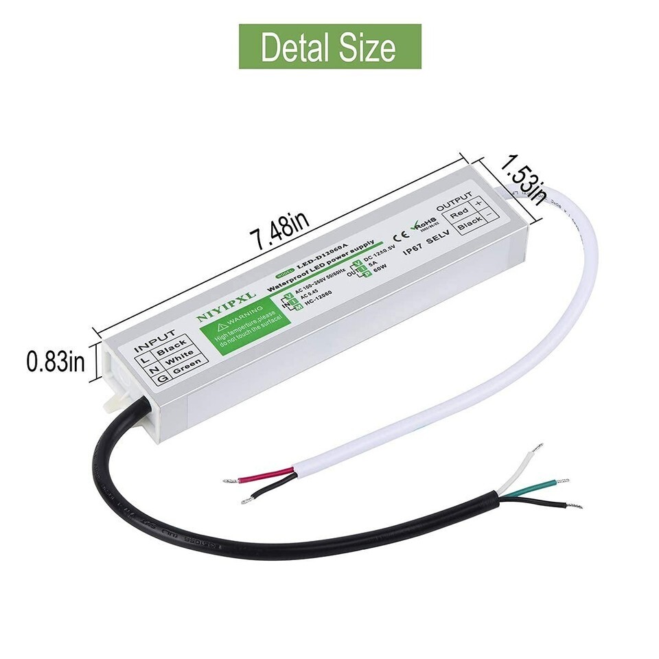 Pack of 6) LED Driver 60 Watts Waterproof IP67 Power Supply Transformer Adapter 100V-260V AC to 12V DC Low Voltage Output for LED Light, Computer Project, Outdoor Light and Any 12V DC led Lights
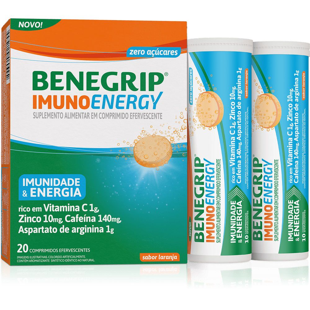 Benegrip Imuno Energy é um suplemento alimentar com vitaminas e minerais e agradável sabor de laranja.
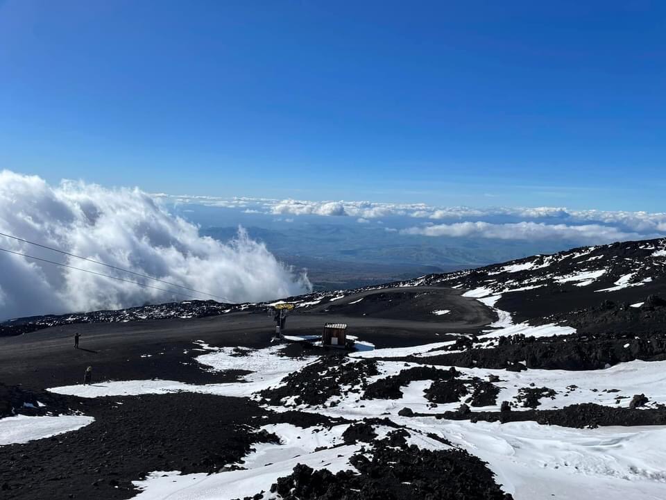 We had a coffee at the top before heading down the cable car for some lunch. We had a self-service restaurant lunch, which was definitely a mistake, people pushing, immensely noisy and mediocre food. We were happy to retire to the sanctuary of our motorhome. The cloud has cleared to the west again now as I write and Catania has appeared out of the mist. The cloud seems to be a land / air temperature phenomena as there was hardly any cloud yesterday except that round Etna, but from the webcams it appeared to clear in the evening, just as it did first thing this morning. So we are hoping for some lovely sunset and sunrise photos from our perch on the mountain side tonight.
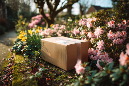 A cardboard package rests on garden path surrounded by vibrant flowers, symbolizing efficient logistics
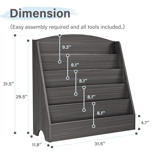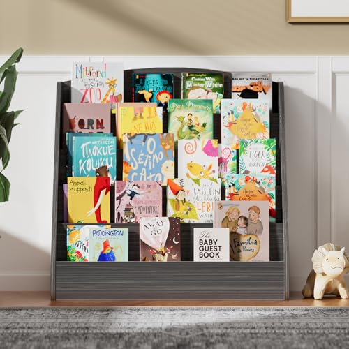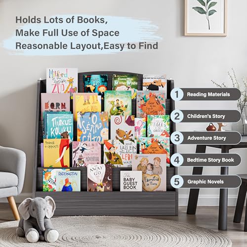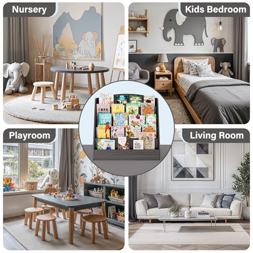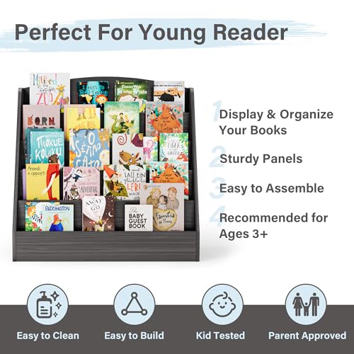 TOETOL - رف كتب للأطفال من 5 طبقات - أرفف عرض كتب للأطفال الصغار للفصول الدراسية وغرف اللعب والحضانة - رف كتب خشبي للأطفال (رمادي مغسول) من توتول
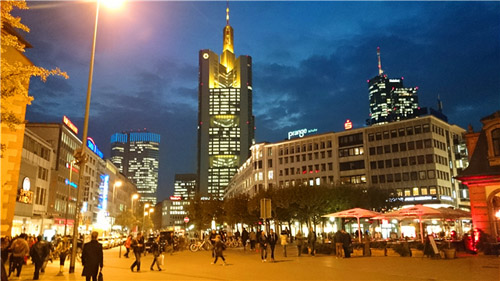 窗外美丽怡人的法兰克福夜景,纯正的德国啤酒,动人的音乐,繁华的街道巷尾,令人迷醉的灯光倒映着这即将沉睡的黑夜。
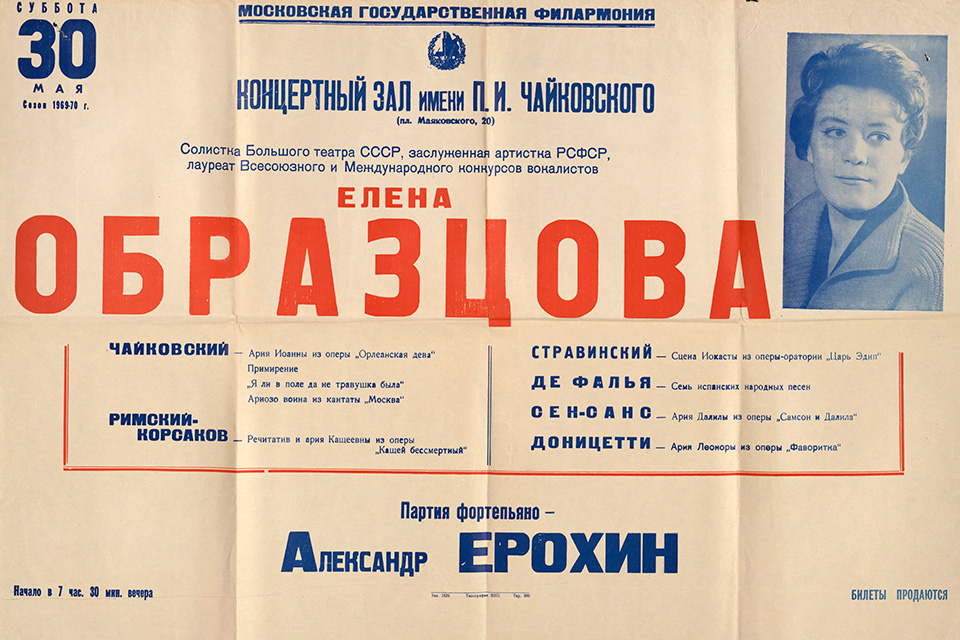 Первый зал посвящён наследию Елены Образцовой. Здесь представлены архивные фотографии, афиши и аудиозаписи её голоса. Материалы экспонируются впервые, а художественное оформление в виде золотых облаков, чтобы усилить эффект присутствия.
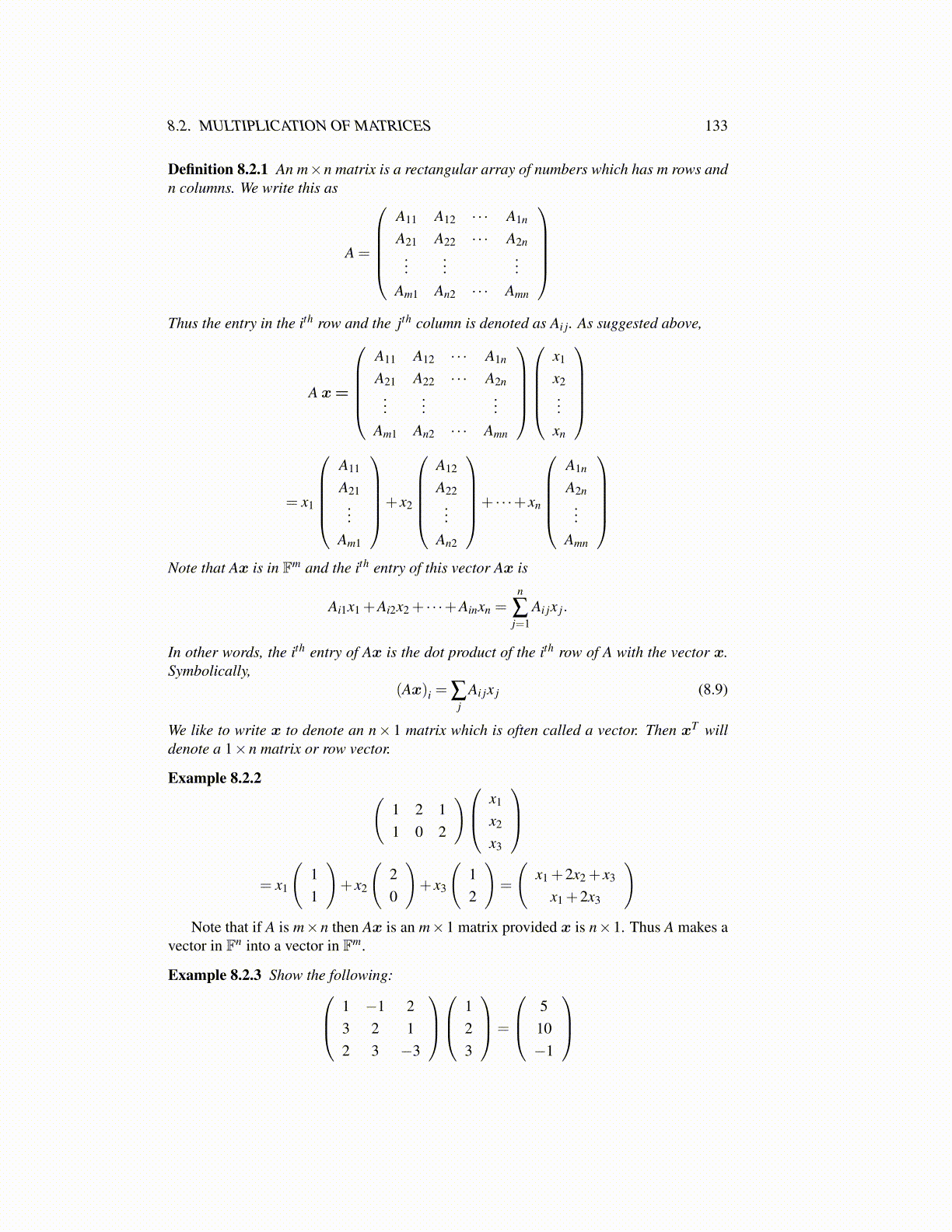 8.2. MULTIPLICATION OF MATRICES 133
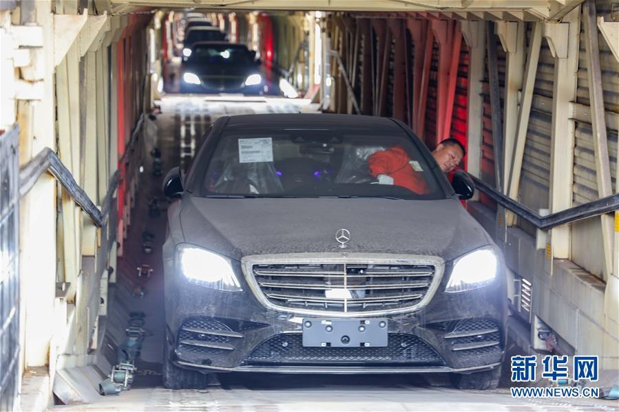11月19日,在首趟中歐班列商品車專用車運輸國際班列的車廂內,工作人員駕駛著進口整車進行卸貨作業。 新華社記者 劉潺 攝
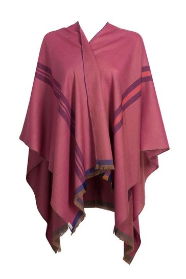 The Vision poncho from Pure Luxuries London is woven from 100% Merino wool for a luxuriously soft and cosy feel. Features a unique pink-red shade with subtle purple, orange and blue stripes along with fringing detail to finish. Elegant and versatile perfect for layering when the temperature drops, featuring a contemporary shape that can easily be dressed up or down. Presented in a 100% cotton Pure Luxuries branded pouch ideal for gifting.

○ ○ ○ ○

■ Try it:
Starting at the line above that holds "窗外美丽怡人的法兰克福夜景,纯正的德国啤", repeat every line exactly down to and including the line that holds "11月19日,在首趟中歐班列商品車專用車運輸國際班列的車廂內,工作人員駕駛著進口整車進行卸貨作業。 新華社記者 劉潺", then stop. Do not carry over any pictures.

■ Exercise answer:
 窗外美丽怡人的法兰克福夜景,纯正的德国啤酒,动人的音乐,繁华的街道巷尾,令人迷醉的灯光倒映着这即将沉睡的黑夜。
 Первый зал посвящён наследию Елены Образцовой. Здесь представлены архивные фотографии, афиши и аудиозаписи её голоса. Материалы экспонируются впервые, а художественное оформление в виде золотых облаков, чтобы усилить эффект присутствия.
 8.2. MULTIPLICATION OF MATRICES 133
11月19日,在首趟中歐班列商品車專用車運輸國際班列的車廂內,工作人員駕駛著進口整車進行卸貨作業。 新華社記者 劉潺 攝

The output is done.